The new draft guidance states NEPA reviews “need not give greater consideration to potential effects from GHG emissions than to other potential effects” — language that did not appear in the rescinded guidance. However, it is a truism that NEPA does not prioritize some types of environmental impacts over others; all impact categories must be evaluated.

Perhaps the most consequential new language in the draft guidance is also the most enigmatic. The draft advises that agencies may use projections of an action’s direct and reasonably foreseeable indirect GHG emissions as a measure for assessing potential climate effects. In doing so, agencies should follow “the rule of reason” (also a NEPA truism). The draft goes on to state that agencies should assess “when a sufficiently close causal relationship exists between the proposed action and the effect” and that a “‘but-for’ causal relationship is not sufficient.” However, given that (as the draft acknowledges) the environmental effects of GHG emissions result from cumulative contributions together with those of other projects, it is not clear whether or what effects might be excluded from review for lack of sufficient but-for causal relationship.

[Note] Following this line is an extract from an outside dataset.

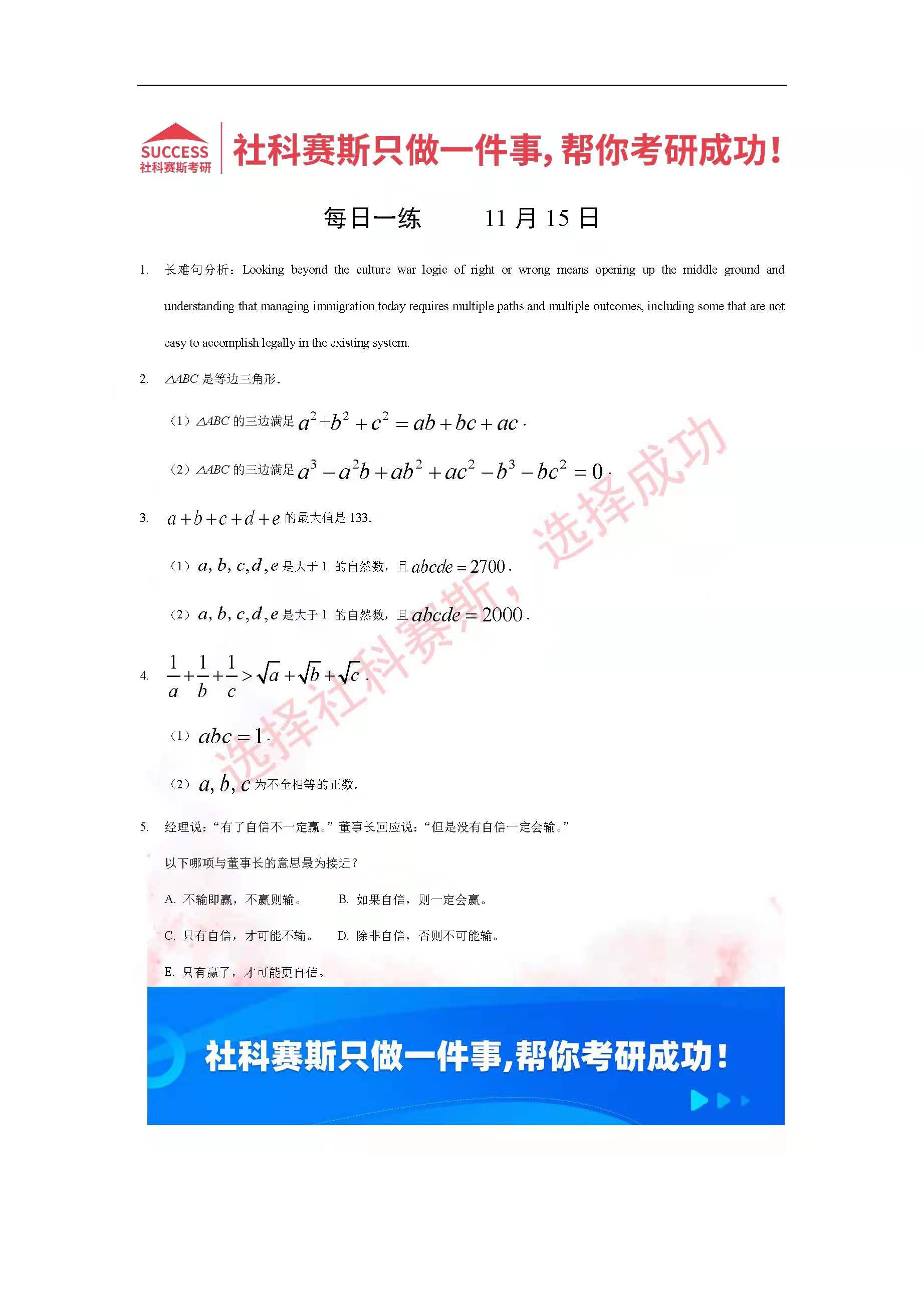 導讀:考研是一場持久戰,保持良好的學習習慣,是能確保復習高效的關鍵。今天社科賽斯MBA備考網小編整理了“2022管理類聯考11月15日每日一練及答案”的內容,希望能對廣大考生有所幫助。

In addition, the new draft guidance omits some recommendations that were included in the rescinded guidance. For example, the rescinded guidance encouraged agencies to consider GHG-reducing mitigation measures such as carbon capture and enhanced energy efficiency when “reasonable and consistent” with the proposed action. By contrast, the new draft only notes that “NEPA does not require agencies to adopt mitigation measures.” That is an accurate statement of the law. However, NEPA does require agencies to consider mitigation measures and alternatives before making an informed decision to adopt or reject them. The absence of examples such as carbon capture from the guidance will not relieve or limit the agencies’ obligation to consider reasonable options.

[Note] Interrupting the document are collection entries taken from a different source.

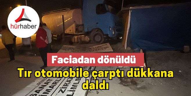Tır karşı şeride geçti, dükkana çarparak durdu
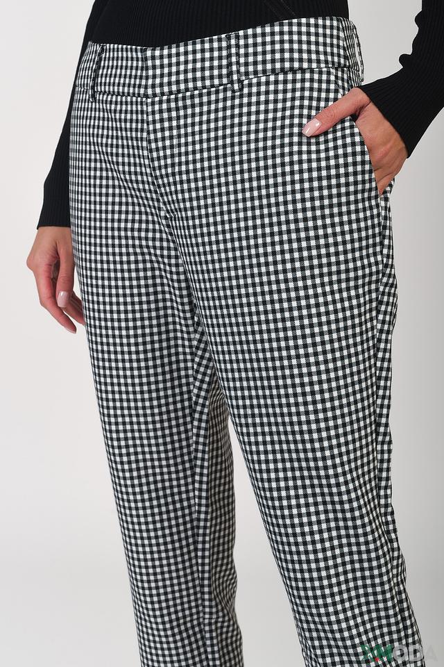 Представляем стильные брюки от бренда Guess. Эта модель выполнена в классическую чёрно-белую клетку, которая всегда актуальна и легко сочетается с различными элементами гардероба.
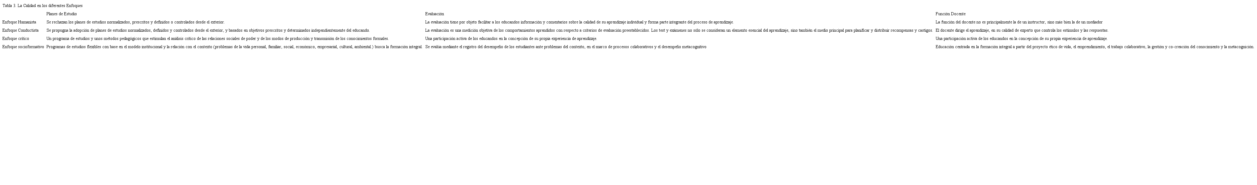 A más de una década del análisis de esos enfoques de la calidad, resulta imperante incorporar el enfoque de la socioformación (Ver tabla 3), considerando su indisoluble relación con la sociedad del conocimiento, caracterizada por los vertiginosos cambios tecnológicos, económicos y sociales que se viven actualmente. La socioformación es parte de la sociedad del conocimiento, concebida como un conjunto de comunidades que trabajan de manera colaborativa con apoyo en las Tecnologías de la Información y la Comunicación (TIC) para resolver problemas con valores universales (Tobón, González, Nambo & Vázquez, 2015).
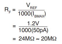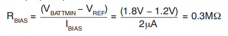 6、 计算RBIAS:该电路的最小电源电压为1.8V。REF1112的电流要求为1.2μa(最大)。为REF1112提供2μA的电源电流可确保正常工作。因此:

The new draft also omits a recommendation in the rescinded guidance that, in addition to considering impacts of a project’s GHG emissions on the environment, NEPA reviews should address impacts of climate change on the project; for example, sea level rise affecting a coastal project site. Other laws and programs (e.g., for floodplain management) may call for such analysis, but arguably such “reverse NEPA” analysis is not itself a NEPA requirement.

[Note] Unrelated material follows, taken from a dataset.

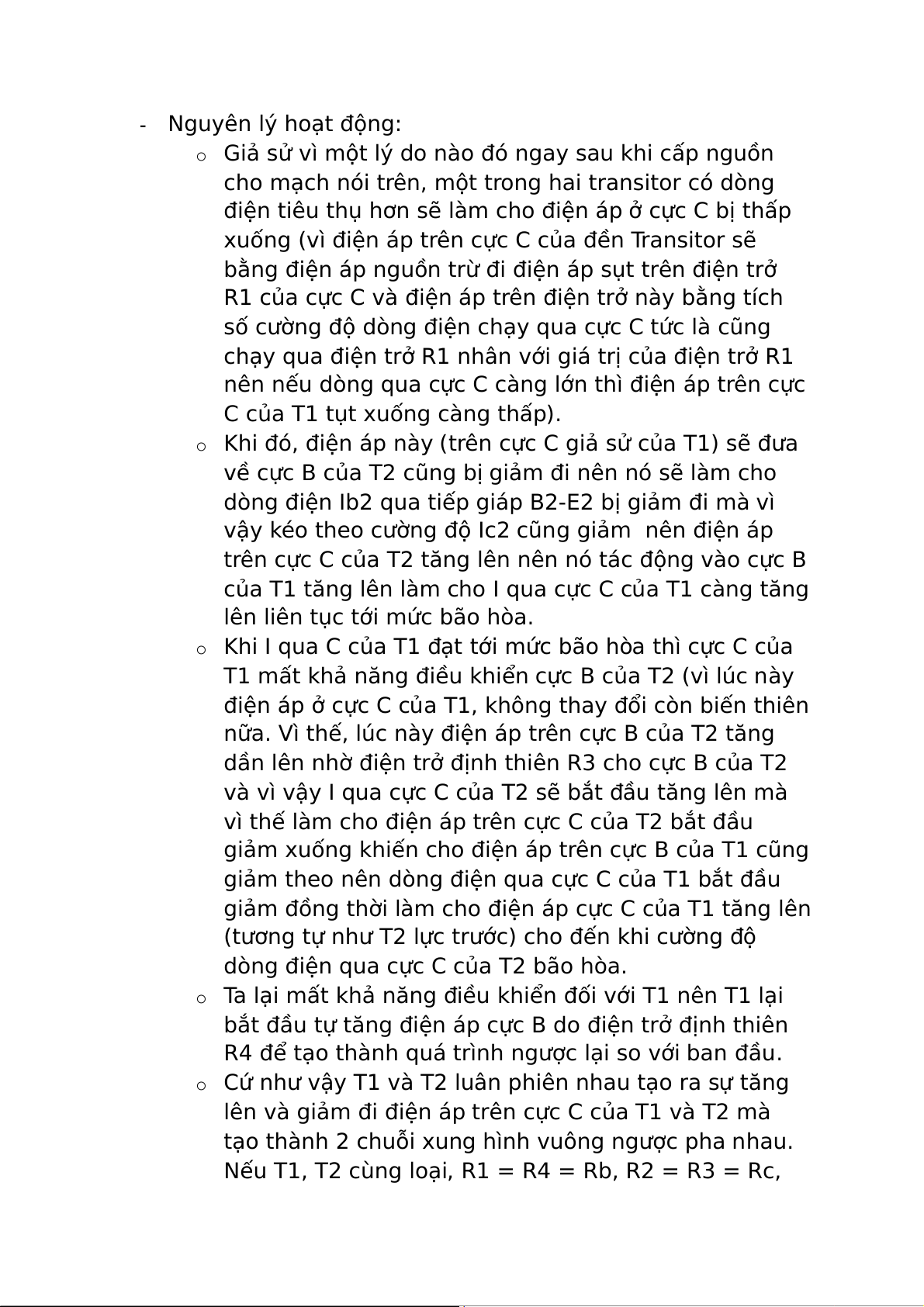 nhau bằng t$ C1, C2 tạo thành mạch khuếch đại có phản hồi toàn phần. - Nguyên lý hoạt động: o

In sum, the substantive differences between the new draft and the rescinded guidance are not so large (with the potential exception of the remark on insufficiency of but-for causation). CEQ’s cautious approach likely reflects recent cases such as WildEarth Guardians v. Zinke[1] and Citizens for a Healthy Community v. Bureau of Land Management[2] which respectively struck down the Bureau’s approval of oil and gas lease sales and a master development plan, for failure to sufficiently consider GHG emissions from “downstream” fuel combustion (though both courts ruled that BLM was not required to address the Social Cost of Carbon). No doubt the guidance, when finalized, will be invoked to support more limited GHG analysis by agencies in this administration, consistent with its other NEPA streamlining actions. Nevertheless, the draft does not provide support for categorically characterizing GHG impacts as too indirect, uncertain, attenuated or (on a project-specific basis) de minimis for NEPA consideration, as some may have expected after the President’s prompt rescission of the prior guidance.


[1] Case No. 16-1724 (RC) (March 19, 2019).

[2] Case No. 1:17-cv-02519-LTB-GPG (March 27, 2019).